▸ **Work required**:
The line with "Photograph of a" marks the start; please set it down along with all later lines through the end of the material, exactly, leaving out pictures.

▸ **Source material**:
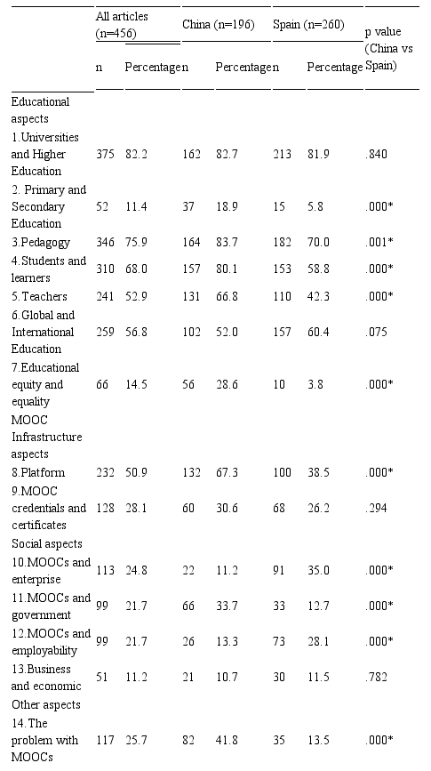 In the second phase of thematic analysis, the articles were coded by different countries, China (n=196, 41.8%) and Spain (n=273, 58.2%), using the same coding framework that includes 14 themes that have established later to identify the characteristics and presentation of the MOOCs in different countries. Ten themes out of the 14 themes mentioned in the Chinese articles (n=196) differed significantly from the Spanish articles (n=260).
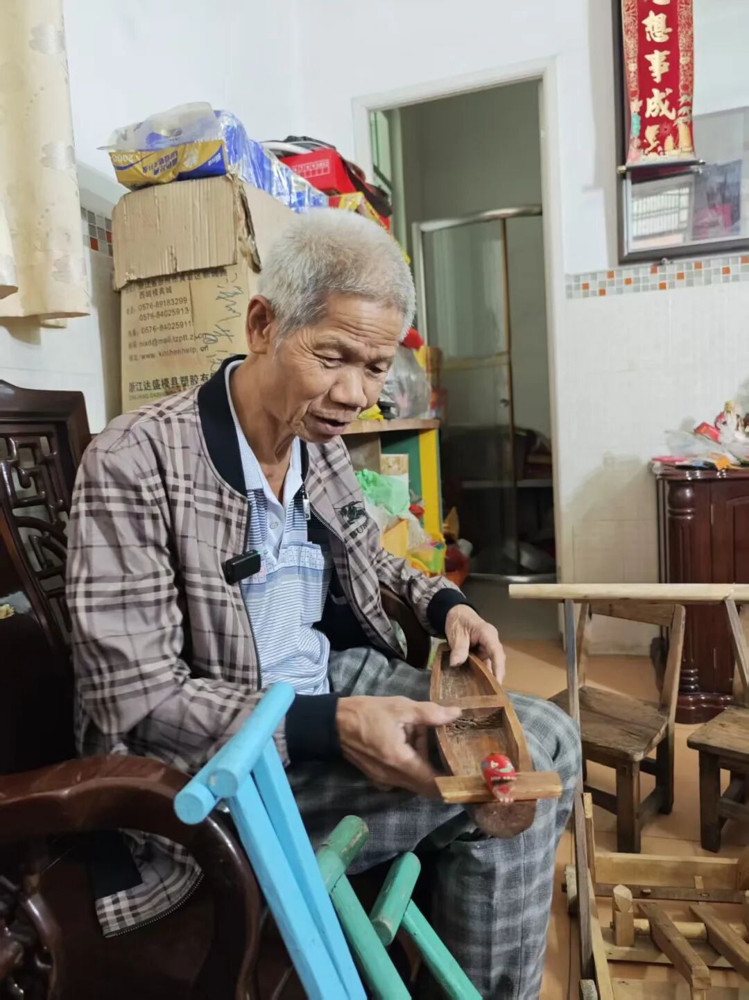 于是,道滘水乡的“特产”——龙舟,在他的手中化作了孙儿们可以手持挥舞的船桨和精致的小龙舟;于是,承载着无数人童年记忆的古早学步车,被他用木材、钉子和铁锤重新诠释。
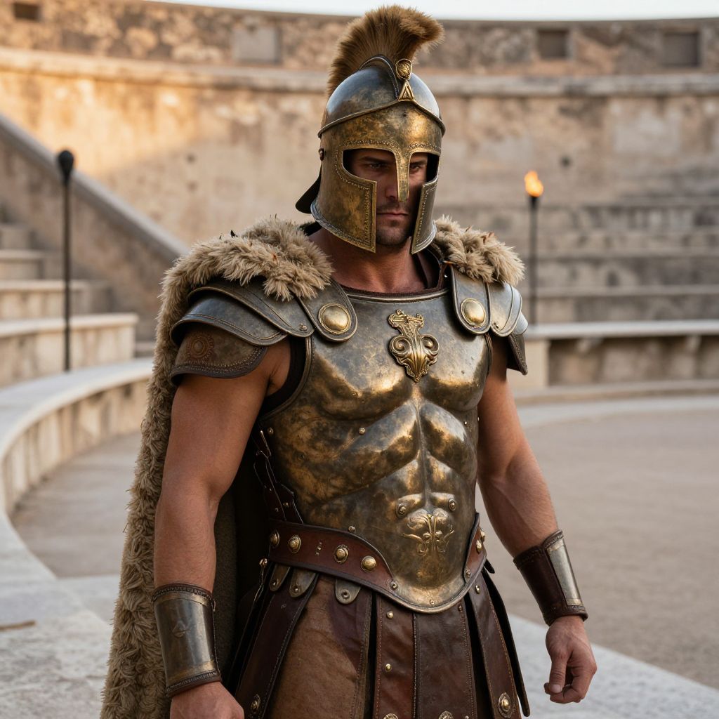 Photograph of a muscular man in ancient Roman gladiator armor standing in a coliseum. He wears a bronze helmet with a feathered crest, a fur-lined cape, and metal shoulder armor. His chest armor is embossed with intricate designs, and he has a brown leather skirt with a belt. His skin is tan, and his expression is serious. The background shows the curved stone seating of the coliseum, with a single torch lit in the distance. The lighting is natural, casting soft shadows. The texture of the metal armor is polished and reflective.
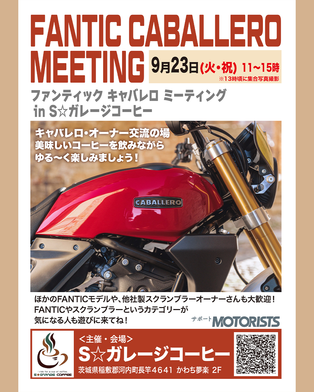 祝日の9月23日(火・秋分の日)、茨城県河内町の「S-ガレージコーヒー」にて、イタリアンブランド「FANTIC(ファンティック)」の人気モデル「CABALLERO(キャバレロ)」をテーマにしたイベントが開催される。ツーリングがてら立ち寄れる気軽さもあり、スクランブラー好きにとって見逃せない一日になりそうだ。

▸ **Result**:
 Photograph of a muscular man in ancient Roman gladiator armor standing in a coliseum. He wears a bronze helmet with a feathered crest, a fur-lined cape, and metal shoulder armor. His chest armor is embossed with intricate designs, and he has a brown leather skirt with a belt. His skin is tan, and his expression is serious. The background shows the curved stone seating of the coliseum, with a single torch lit in the distance. The lighting is natural, casting soft shadows. The texture of the metal armor is polished and reflective.
 祝日の9月23日(火・秋分の日)、茨城県河内町の「S-ガレージコーヒー」にて、イタリアンブランド「FANTIC(ファンティック)」の人気モデル「CABALLERO(キャバレロ)」をテーマにしたイベントが開催される。ツーリングがてら立ち寄れる気軽さもあり、スクランブラー好きにとって見逃せない一日になりそうだ。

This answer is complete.